Первая же очередь полоснула Целину по груди и шее и ранила лошадь.
Целина завязала коняге храп, а копыта обмотала тряпками, чтобы втихомолку
отвести бесхозную животину из захваченной деревни в укрытие, в сосновую
рощу, и тем спасти от конфискации или забоя; коняга этот был ее трофеем. Он,
прихрамывая, бросился прочь, а Целина осталась лежать на замшелых камнях и
приближающиеся беглые шаги пехотинца слышала уже как далекий, странно
торжественный шум своей смерти: шелест листьев, хруст веток, глубокое,
бездонно глубокое дыхание - и, наконец, сдавленный возглас, брань солдата,
после чего все шорохи замерли и навсегда вернулись в лоно тишины.
Наутро Целину схоронили под обугленными привокзальными акациями, рядом
с рабочим из моорской каменоломни, военнопленным грузином, который умер от
голода всего через час-другой после того, как в деревню вошли победители.

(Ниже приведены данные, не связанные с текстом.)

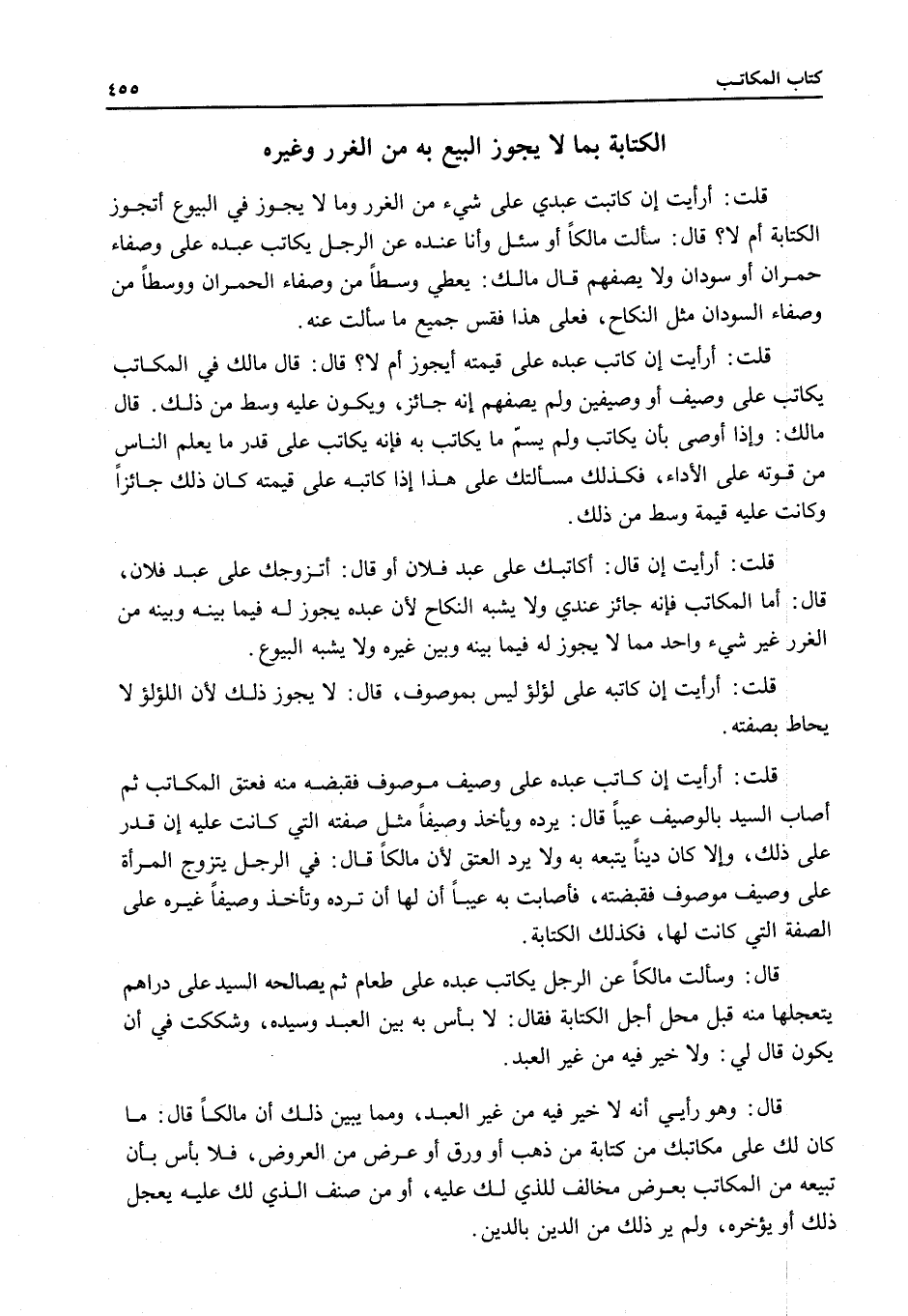 ِ قُلْتُ: أَرَأَيْتَ إنْ كَاتَبْتُ عَبْدِي عَلَى شَيْءٍ مِنْ الْغَرَرِ وَمَا لَا يَجُوزُ فِي الْبُيُوعِ أَتَجُوزُ الْكِتَابَةُ أَمْ لَا؟ قَالَ: سَأَلْتُ مَالِكًا أَوْ سُئِلَ وَأَنَا عِنْدَهُ عَنْ الرَّجُلِ يُكَاتِبُ عَبْدَهُ عَلَى وُصَفَاءَ حُمْرَانٍ أَوْ سُودَانٍ وَلَا يَصِفَهُمْ قَالَ مَالِكٌ: يُعْطِي وَسَطًا مِنْ وُصَفَاءِ الْحُمْرَانِ وَوَسَطًا مِنْ وُصَفَاءِ السُّودَانِ مِثْلَ النِّكَاحِ، فَعَلَى هَذَا فَقِسْ جَمِيعَ مَا سَأَلْتَ عَنْهُ.

Уже в первые недели после гибели Целины вроде как начали исполняться не
только пророчества, слетевшие с ее губ в ту ночь, когда родился Беринг, но и
сокровеннейшие ее мечты об отмщении, которыми она жила, все эти годы на
чужбине.
Моорских жителей выгоняли из домов. Дворы побежденных приверженцев
войны стояли в огне. Надзиратели из местной каменоломни, прежде наводившие
панический страх, теперь волей-неволей молча сносили все унижения; на
седьмой день после освобождения, в пятницу, двое из них качались на холодном
ветру, с петлей на шее.
Моорских кур и тощих свиней гоняли по площади Героев и по черным от
копоти полям, они стали теперь подвижными целями, на которых тренировались
снайперы: расстреливали живность, а трупы швыряли собакам - в голодающем
Мооре... А в одночасье потерявшие всякую ценность знаки отличия, ордена и
бюсты героев, завернутые во флаги и никчемные уже мундиры, тонули в навозных
ямах либо исчезали в чердачных и подвальных тайниках, и в огне их тоже
сжигали, и в землю спешно закапывали. В Мооре властвовали победители. И
какие бы жалобы на эту власть ни поступали в комендатуру, ответы и справки
оккупационных войск сводились, как правило, лишь к ядовитым напоминаниям о
жестокости той армии, в которой покорно несли службу моорские мужчины.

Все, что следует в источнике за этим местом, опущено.